Cancer resection prioritization

There is a concern that limited HDU/ICU bed availability and the risk of postoperative SARS-CoV-2 infection will severely limit or preclude surgical intervention for esophagogastric patients. Therefore, prioritization of cancer resection patients most likely to benefit and be at low risk of complications is important. Several groups have developed guidelines and prioritization models, including AUGIS, ESDE, Thoracic Surgery Outcomes Research Network and other groups specifically for this patient group. The medically necessary, time-sensitive (MeNTS) score has been developed and systematically scores several factors (procedure timing and resource use, disease urgency and patient risk factors) for prioritizing surgical procedures across all surgical specialties. This scoring system aims to triage MeNTS procedures, and appropriately weighs individual patient risks with the ethical necessity of optimizing resource allocation during the pandemic. This approach is applicable across a broad range of hospital settings (academic and community, urban and rural) and may be able to inform case triage as operating room capacity resumes once the acute phase of the pandemic subsides. This survey highlights the prioritization of cancer resections by centers is based on patient fitness and tumor stage. In our survey, surgeons appear to prioritize advanced tumors (i.e. high-risk nodal disease) due to high risk of disease progression. Treatment decisions are further complicated by the fact most of the patients with esophagogastric cancer are in a ‘high-risk’ category for poor outcomes if they developed COVID-19 (elderly, cardiorespiratory comorbidities and obesity). In addition, the surgery (especially thoracotomy) can both impair lung function (i.e. one lung isolation, postoperative pain and pneumonia) and potentially expose clinical teams to aerosolized viral load (bronchoscopy, double-lumen endotracheal tube placement and endoscopy).

Screening and protection in COVID-19

Due to the high prevalence of pulmonary complications following esophagogastric surgery, and the implications of postoperative COVID-19 infection, rates of asymptomatic infection, there is a convincing case for accurate preoperative testing of these patients prior to surgery.
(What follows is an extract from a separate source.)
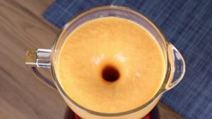 • Em um liquidificador vou adicionar 2 cenouras cortadas em rodelas, 3 ovos, 1 xícara de leite, 1 xícara de óleo e 2 xícaras de açúcar, vou bater tudo isso por 1 minuto.

The Corona Virus Global Surgical Collaborative recommend performing routine COVID-19 testing for all patients who will undergo a surgical or interventional endoscopic procedure in institutions seeing high volumes of COVID-19 patients. In addition, American College of Surgeons advised to wait for the results of COVID-19 testing in patients who may be infected, but no further recommendation surrounding cancellation or postponement of surgery in patients testing positive. Routine screening may include symptomatic assessment via telephone triage several days before elective cancer surgery for risk stratification and preoperative CT scanning owing to high sensitivity up to 97%.

Minimally invasive surgery

Although previous research has shown that laparoscopy can lead to aerosolization of blood-borne viruses, no specific robust research has been published in COVID-19 patients. Current available guidance from the Intercollegiate Royal College of Surgeons and Society of American Gastrointestinal and Endoscopic Surgeons offer inconsistent guidance that can be open to interpretation on performing minimally invasive surgery. This is reflected in this survey where 24.5% of respondents stopping minimally invasive surgery in all or selected cases.

Surgical workforce

In our survey, 44.6% have been symptomatic with COVID-19. Of the surgeons symptomatic with COVID-19, only 40.2% (33/82) had routine access to testing for staff. Of those who had testing available (n = 33), only 12.1% (4/33) had tested positive. Esophageal surgeons have a duty to self-isolate if they develop COVID symptoms and get appropriate testing to avoid spreading the virus to other staff and patients in the hospital.

Strengths and limitations

This survey has several strengths including its large sample size and that it performed two rounds capturing changes during the pandemic. In addition, a wide range of countries and continents, with differing COVID-19 disease incidence were captured. This allowed stratified analyses to be performed for total cases per capita to gain extra insight into the uncertainty in current practice among esophageal surgeons. By its nature, this survey will have limitations. First, despite widely advertising this survey via multiple specialist organizations and social media, it is possible that selection bias has occurred. Our survey was specifically designed for surgeons and as such the thoughts of patients, oncologists or other healthcare professionals involved in the treatment of esophagogastric surgery have not been elicited. Second, this study did not collect specific patient outcomes for esophageal and gastric cancers surgery and COVID-19. However, research from collaborative groups such as CovidSurg and PanSurg collaborative will provide real-time data to further supplement data from this survey. Finally, this study attempted to stratify current practices by total confirmed cases per capita, but this is likely limited by testing rates available in each country.

CONCLUSION

In summary, this survey highlights the management challenges and several practice variations in caring for patients with esophagogastric cancers. Dissemination of data from this survey will improve understanding of current international clinical practice during the COVID-19 pandemic. Further, this study has identified the need for clear, consistent national or international guidelines to be in place in the event of a further pandemic to ensure a standardized level of oncological care for patients with esophagogastric cancers. Click here for additional data file.
  24 in total

1.  How Coronavirus Disease 2019 Outbreak Is Impacting Colorectal Cancer Patients in Italy: A Long Shadow Beyond Infection.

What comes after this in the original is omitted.